Accumulation of theanine in tea plant (Camellia sinensis (L.) O. Kuntze): Biosynthesis, transportation and strategy for improvement

IF 4.2 2区生物学 Q2 BIOCHEMISTRY & MOLECULAR BIOLOGY

Plant Science

Pub Date : 2025-01-31 DOI: 10.1016/j.plantsci.2025.112406

Qianting Luo , Hua-Feng He

Theanine, specifically biosynthesized and accumulated in Camellia sinensis (L.) O. Kuntze, is widely recognized as the most positive ingredient related to the quality of tea. Therefore, genetic factors related to the biosynthesis of theanine in tea plant, CsAlaDC, CsGGTs and CsMYBs, etc., were elaborated and proved to be influential.
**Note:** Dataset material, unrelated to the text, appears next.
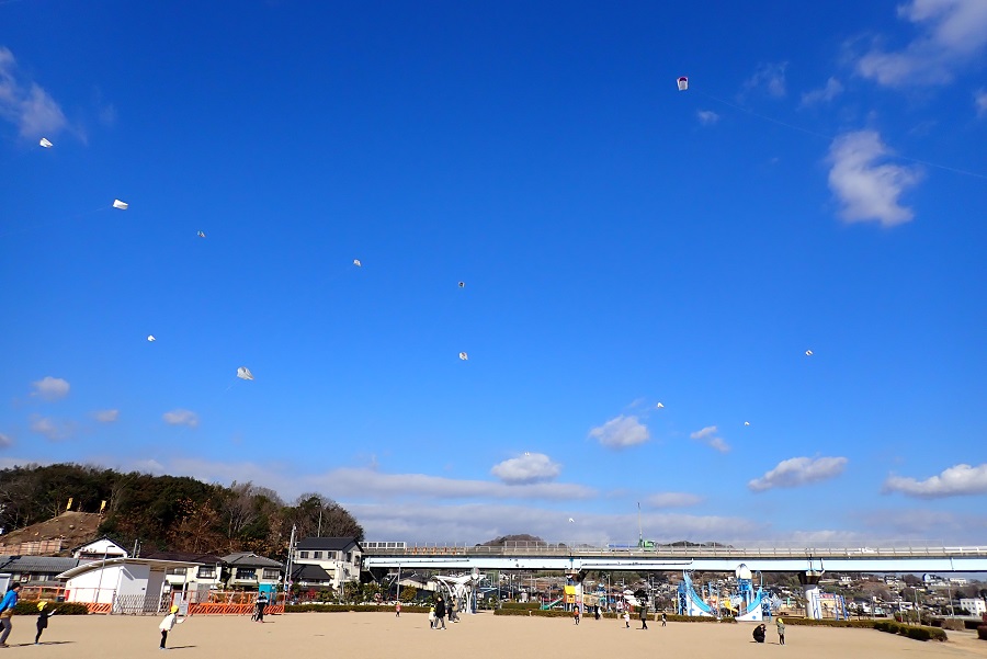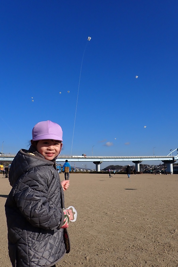 「明日お休みだからまた凧あげやりに来ようかな。}

Oppositely, TFs acting on the growth and development of tea plants, CsPIF, CsHO as well as CsGDH were demonstrated to be negative for biosynthesis of theanine. Since root is the original assembly site, transportation is indispensable for the accumulation of theanine in leaf. CsAAP7.2 was elucidated to be involved in the transportation of theanine crossing the vascular system to vegetative tissues. In order to promote the accumulation of theanine, strategies were proposed in aspect of processing, cultivation, fertilizer as well as germplasm innovation. Appropriate processing technology, scientific planting manner and fertilizer application, coupling with domestication of excellent varieties portrayed out the future orientation of theanine. Purpose of the review was to summarize advantages achieved in related to metabolism of theanine, and to motivate more intensive and more effective means to promote the accumulation of theanine in tea plant.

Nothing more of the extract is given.